Не счесть всех планов, какие вынашивал Орион, изыскивая средства для уплаты мне долга. Планы эти возникали на протяжении тридцати лет и один за другим отпадали. И все эти тридцать лет Орион, известный своей неподкупной честностью, занимал почетные должности, связанные с сохранением чужих денег, но неоплачиваемые. Он был казначеем всех благотворительных обществ; ведал деньгами и прочим имуществом вдов и сирот; сберег чужие деньги до последнего цента и ни цента не нажил для себя. Всякий раз как он менял веру, новая церковь с радостью его принимала; его тут же ставили казначеем, и он тут же пресекал взяточничество и утечки. Свою политическую окраску он менял с такой легкостью, что все только диву давались. Вот какой курьез произошел однажды - он сам мне об этом написал.
В одно прекрасное утро он был республиканцем. В связи с предвыборной кампанией его попросили вечером произнести на митинге речь, и он согласился. Он приготовил свою речь. А после второго завтрака он стал демократом и согласился написать десяток зажигательных лозунгов для транспарантов, которые демократы должны были вечером нести во время факельного шествия. Над сочинением этих громких демократических лозунгов он просидел всю вторую половину дня, так что новая возможность переменить ориентацию представилась ему только вечером. И вот он произнес на митинге республиканцев пламенную речь, а в это самое время мимо несли его демократические транспаранты - к великой радости всех, кто при сем присутствовал.
Да, Орион был большой чудак, и, однако, несмотря на все его странности, его искренне любили повсюду, где бы он ни жил. И не только любили, но и уважали, потому что в самом деле это был благороднейший человек.
Лет двадцать пять тому назад, в одном из своих писем к Ориону, я подал ему мысль написать автобиографию. Я предлагал ему - пусть попробует рассказать в ней всю правду, не выставлять себя в одних только выигрышных положениях, а честно изложить все случаи своей жизни, какие он считает значительными, включая те, которые потому запечатлелись в его памяти, что он их стыдится. Я писал, что никто еще этого не делал и такая автобиография явилась бы весьма ценным литературным произведением. Я добавил, что предлагаю ему дело, на какое сам не способен, но буду лелеять надежду, что он с этим делом справится. Теперь мне ясно, что я пытался навязать ему невыполнимую задачу. Эту свою автобиографию я диктую ежедневно вот уже три месяца; за это время я вспомнил полторы, если не две тысячи случаев из своей жизни, которых стыжусь, и ни один из них пока не согласился быть перенесенным на бумагу. Вероятно, и к тому времени, когда я закончу автобиографию, - если такое время наступит, - этот запас останется непочатым. А если бы я и рассказал эти случаи, я, наверно, все равно бы их вычеркнул, когда стал бы просматривать книгу.

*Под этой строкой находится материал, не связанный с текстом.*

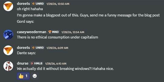 Here's a snippet from the group chat where I was crowdsourcing opinions: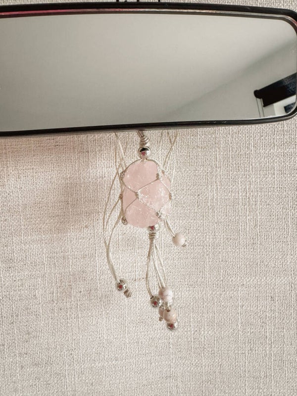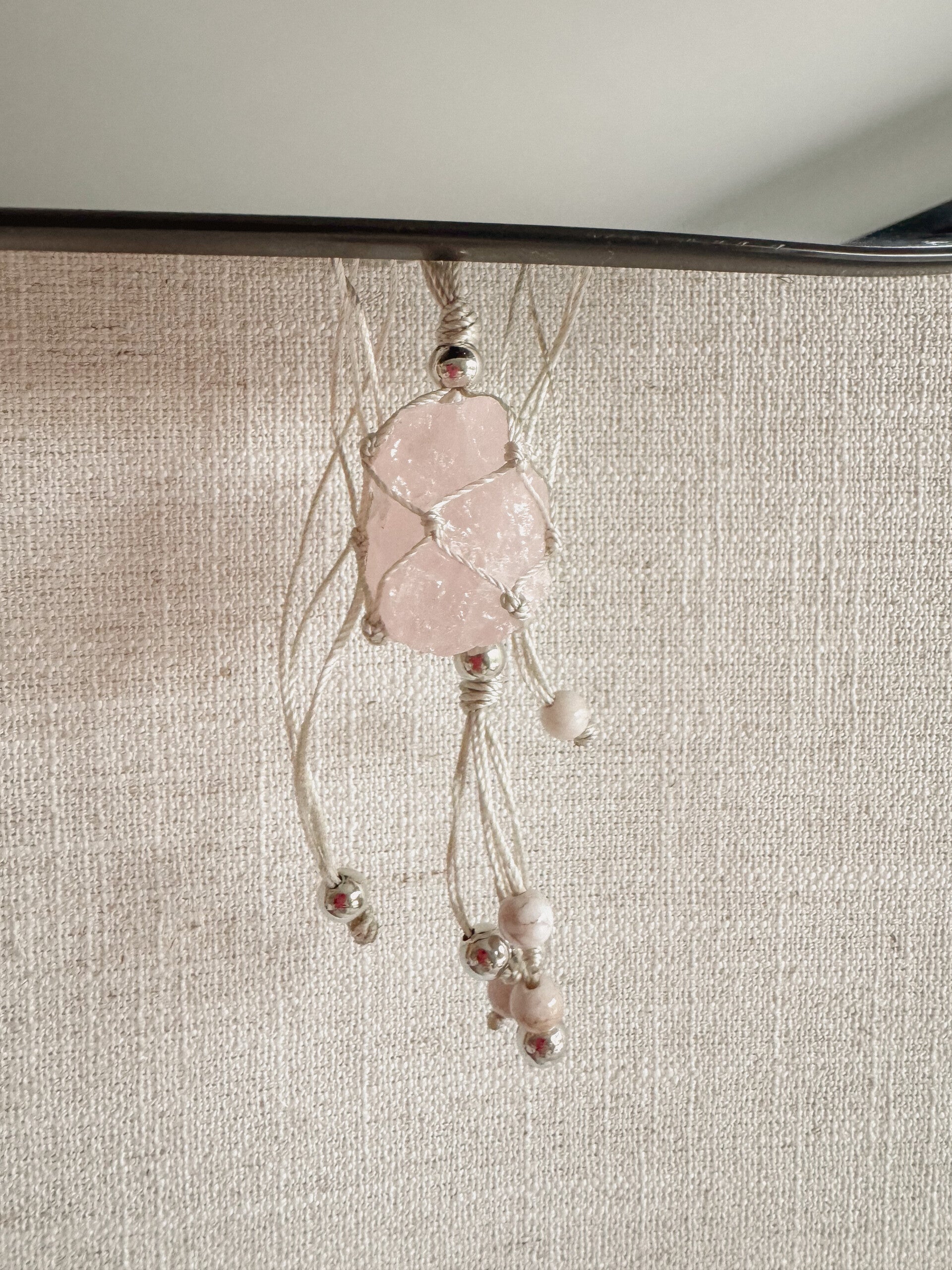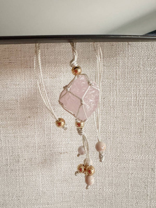 Deze hanger voor aan je achteruitkijkspiegel met rozenkwarts als je onderweg zachtheid en verbinding met jezelf en anderen wilt voelen. Rozenkwarts nodigt uit tot rust, zelfliefde en harmonie, ook als je onderweg bent.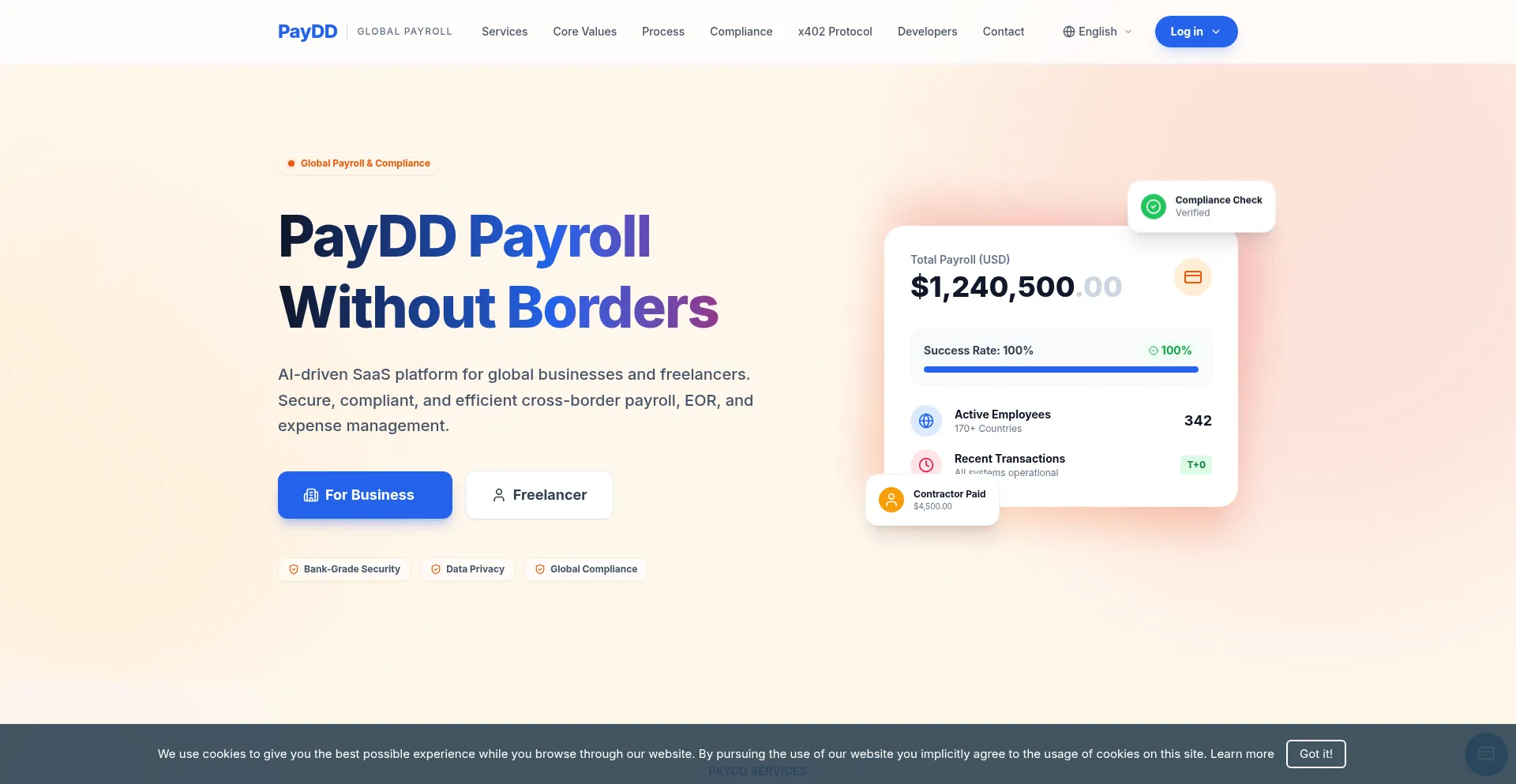 PayDD provides intelligent cross-border payroll, EOR solutions, and supports the x402 protocol for instant settlement. 薪酬无国界,合规高效,接入 x402 协议极速�...

В 1898 году, когда мы жили в Вене, пришла телеграмма из Кеокука с извещением, что Орион умер. Ему было семьдесят два года. Холодным декабрьским утром он спустился в кухню, развел огонь и подсел к столу, чтобы записать что-то. Так он и умер - с карандашом в руке, застывшим на бумаге посредине недописанного слова, - значит, избавление от плена долгой, беспокойной, жалкой и никчемной жизни наступило быстро и безболезненно.
Понедельник, 9 апреля 1906 г.
[ПЕРЕПИСКА О ГЕКЕ ФИННЕ]
Нынче утром я получил письмо из Франции, от одной моей французской приятельницы. В письмо вложена газетная вырезка - телеграмма из Нью-Йорка:
Mark Twain Interdit
New-York. 27 mars. (Par depeche de notre correspondant particulier). Les directeurs de la bibliotheque de Brouklyn ont mis les deux derniers livres de Mark Twain a l'index pour les enfants au-dessous de quinze ans, les considerant comme malsains.

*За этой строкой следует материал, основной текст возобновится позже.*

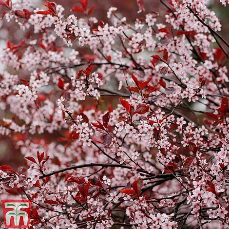 Prunus x cistena forms an upright, bushy, slow growing shrub which also makes a good low maintenance, deciduous hedge. Alternatively, grow as a specimen shrub in a container on the patio or as a focal point in the garden. Its single, pale pink, fragrant flowers appear in spring, after the young leaves have appeared. The colourful foliage of this Purple-leaf Sand Cherry is red whilst young, turning a more intense red-purple through the summer months and becoming more bronzed in autumn. Occasionally a few cherry sized, blackish-purple fruits are produced in July, which can be difficult to see as hidden by the red-purple leaves. Height and spread: 1.5m (5′).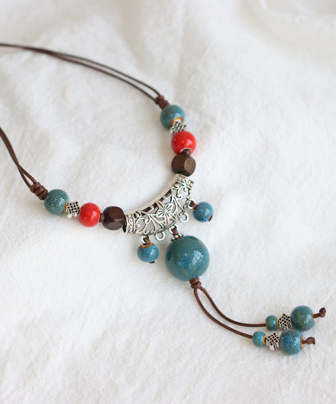 Handmade Bronze Coppery Woven Ceramics Hollow Out Tassel Pendant Necklace TX006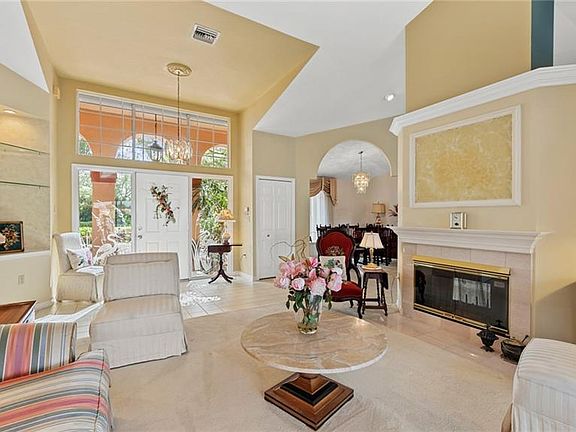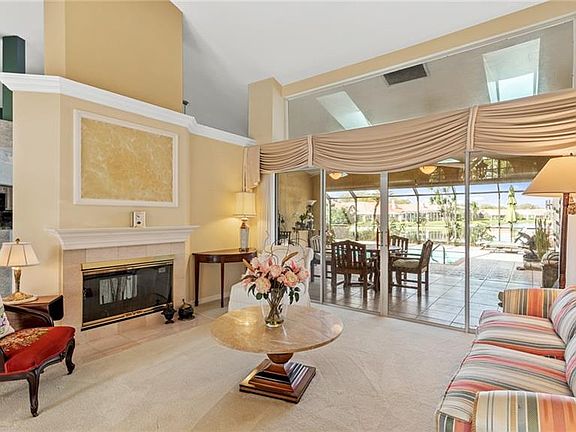 Stunning crimson sunsets await you in this WATERFRONT POOL HOME w/long lake views! Plenty of room for family & entertaining w/2,550 sf under air, 4 bedrooms & 2.5 bathrooms, 2-car garage w/storm resistant door & circular drive. Light & bright floor plan w/formal living room w/double fireplace & formal dining, as well as an open concept kitchen overlooking the family room & lake views beyond. Generously sized kitchen offers stainless steel appliances, granite countertops, breakfast bar & casual dining area. The spacious master bedroom has a luxuriously large bathroom w/two vanities, separate tub, walk-in shower & direct access to the lanai. You'll enjoy the Florida lifestyle to the fullest on the upgraded screened lanai w/covered dining area & heated pool & spa. The lake offers excellent bass fishing, canoe/kayaking & abundance of waterbirds including eagle fledglings each year! Home offers whole house rolldown shutters & newer roof still under warranty. Perfect NAPLES location in The Vineyards w/plenty of active lifestyle amenities, optional membership in the Golf & Country Club including 36-hole championship golf, tennis, pool, Wellness Center, spa, fitness & social activities!

Le celebre humoriste a ecrit a des fonctionnaires une lettre pleine d'esprit et de sarcasme. Ces messieurs se refusent a la publier, sous le pretexte qu'ils n'ont pas l'autorisation de l'auteur de le fair*.
______________
* Марк Твен под запретом.
Нью-Йорк, 27 марта. (По телеграфу от нашего специального корреспондента.) Правление Бруклинской библиотеки запретило выдавать детям моложе 15 лет две последние книги Марка Твена, поскольку считает их безнравственными.

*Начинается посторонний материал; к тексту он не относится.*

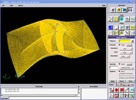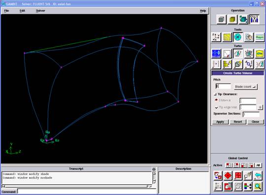 Daha sonra rüzgar tünelindeki fanın ağ tabakası oluşturulur. Bu işlem için de Gambit programı kullanılır (Şekil 4). Eksenel fanları periyodik olduğu için iki kanat arasını modellemek yeterli olacaktır. Sayısal ağ tabakası oluştururken dikkat edilmesi gereken, kanat yüzeyine sınır tabakası kullanılması gerekir. Bu sayede fanın performans değerleri hassas bir şekilde elde edilir.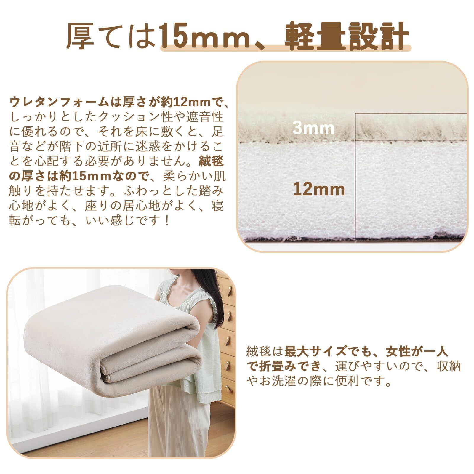 【15mm厚さの魅力】このカーペットのウレタンフォームの厚さは約12mmで、しっかりとしたクッション性を提供します。絨毯の総厚さは15mmにも達するため、柔らかい肌触りを実現します。ふわっとした踏み心地が心地よく、座り心地も快適です。寝転がっても快適な使用感を味わえます!

Знаменитый юморист написал этим господам остроумное, полное сарказма письмо, которое они, однако, отказываются опубликовать, под тем предлогом, что не имеют на то разрешения автора (франц.).
Письмо мне пишет одна молодая девушка, которая живет в Сент-Дье, на родине Жанны д'Арк. Я никогда не видел эту девушку, но лет пять тому назад она мне написала, и с тех пор мы раза три-четыре в год обмениваемся дружескими письмами. Это свое письмо она заканчивает так:
"Меня очень удивила одна заметка в сегодняшней газете. Я ее вырезала, потому что сведения такого рода часто оказываются выдуманными; и если это один из таких случаев, пусть газетная вырезка послужит мне оправданием. Мой дорогой, никогда не виданный друг, позвольте мне улыбнуться! Я, конечно, не допускаю и мысли, чтобы эта заметка могла Вас огорчить. Во Франции в ответ на подобную меру все тотчас бросились бы покупать эти книги; я и сама решила купить их, в первый же раз как буду проездом в Париже, и не сомневаюсь, что они окажутся такими же нравственными, как и все, что Вы пишете. Я хорошо знаю Ваше перо. Я знаю, что Вы макаете его только в чистые, незамутненные чернила".
Теперь я хочу вернуться к этой газетной заметке. Содержащиеся в ней сведения не совсем точны, но в общем близки к истине. "Гек Финн" и "Том Сойер" - не последние мои книги. "Тому" перевалило за тридцать, "Гек" существует уже двадцать один год. Двадцать один год тому назад, когда Гек вышел в свет, публичная библиотека в Конкорде, штат Массачусетс, в праведном гневе выкинула его со своих полок - во-первых, за то, что он враль, а во-вторых, за то, что, после долгих раздумий и тщательно взвесив все за и против, он принял решение по трудному вопросу и заявил, что, если нужно либо предать Джима, либо отправиться в ад, он лучше отправится в ад, - такого кощунства конкордские пуристы стерпеть не могли.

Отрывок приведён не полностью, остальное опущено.